Een partij die het niet eens is met deze uitspraak, kan een hogerberoepschrift sturen naar het gerechtshof ‘s-Hertogenbosch waarin wordt uitgelegd waarom deze partij het niet eens is met deze uitspraak. Het hogerberoepschrift moet worden ingediend binnen zes weken na de dag waarop deze uitspraak is verzonden.
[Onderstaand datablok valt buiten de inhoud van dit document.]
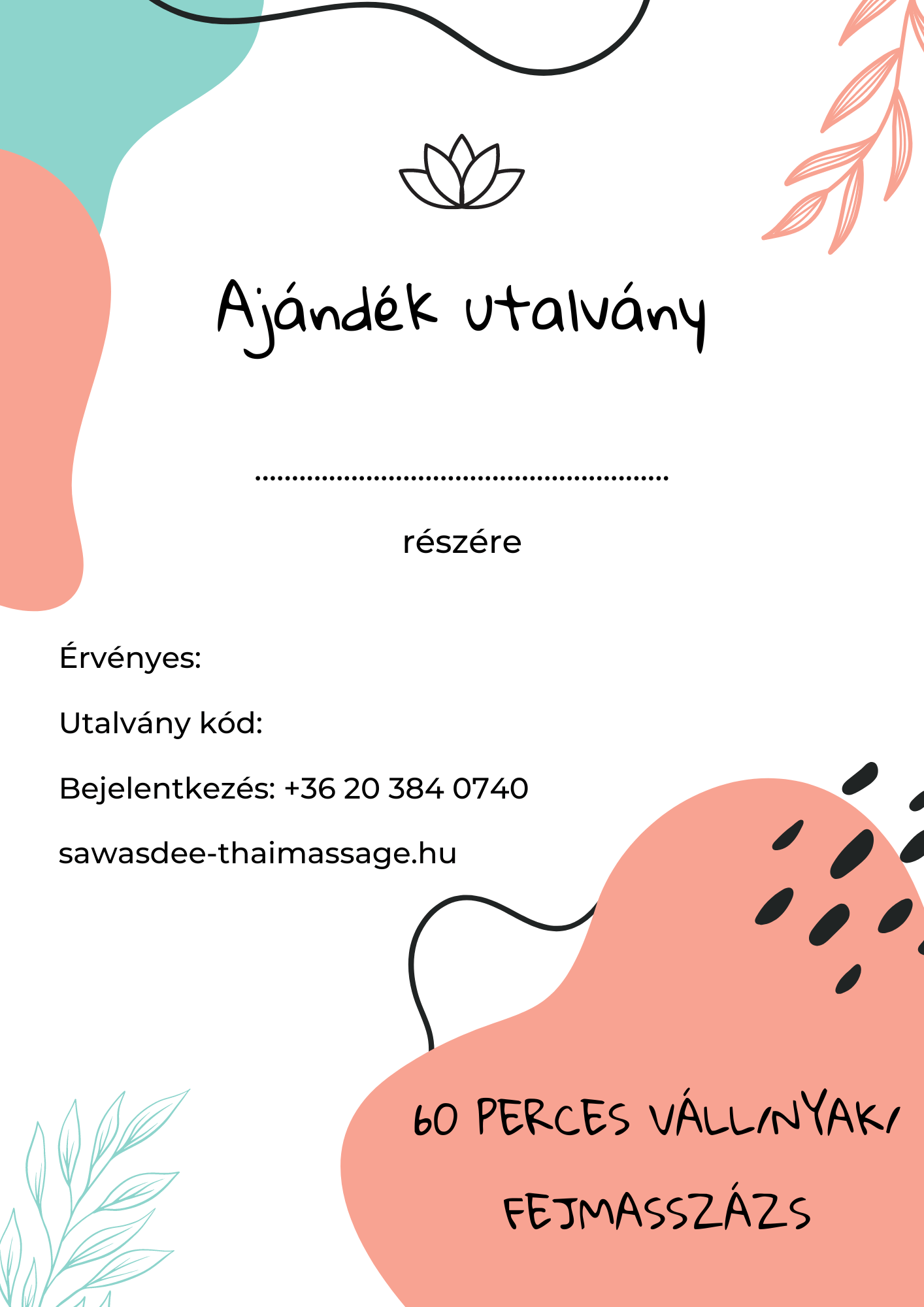 60 PERCES VÁLL / NYAK / FEJMASSZÁZS AJÁNDÉKUTALVÁNY

Digitaal beroep instellen kan via “Formulieren en inloggen” op www.rechtspraak.nl. Hoger beroep instellen kan eventueel ook nog steeds door verzending van een brief aan het gerechtshof ‘s-Hertogenbosch (belastingkamer), Postbus 70583, 5201 CZ 's-Hertogenbosch.

Voetnoten

1.Bij ontvangst van het beroepschrift over de jaren 2003 tot en met 2007 heeft de rechtbank aan de zaken zaaknummer 23/9775 toegekend. Op een later moment is zaaknummer 23/9775 toegekend aan de zaak over het jaar 2003 en zijn nieuwe zaaknummers, 24/1111 tot en met 24/1114 toegekend aan de zaken over respectievelijk de jaren 2004 tot en met 2007.
2.Stb. 2007, 563.
3.Artikel 10, tweede lid, van de Wet op de dividendbelasting 1965, zoals dat lid luidde tot zijn vervallen bij de Wet Overige fiscale maatregelen 2008.
4.Hoge Raad 23 oktober 2020, ECLI:NL:HR:2020:1674.
5.ECLI:NL:RBZWB:2021:264, rov. 4.2.7 tot en met 4.2.14.
6.HvJ EU 27 april 2023, C-537/20, ECLI:EU:C:2023:339.
7.Vgl. de conclusie van AG Ettema van 3 november 2023, ECLI:NL:PHR:2023:988.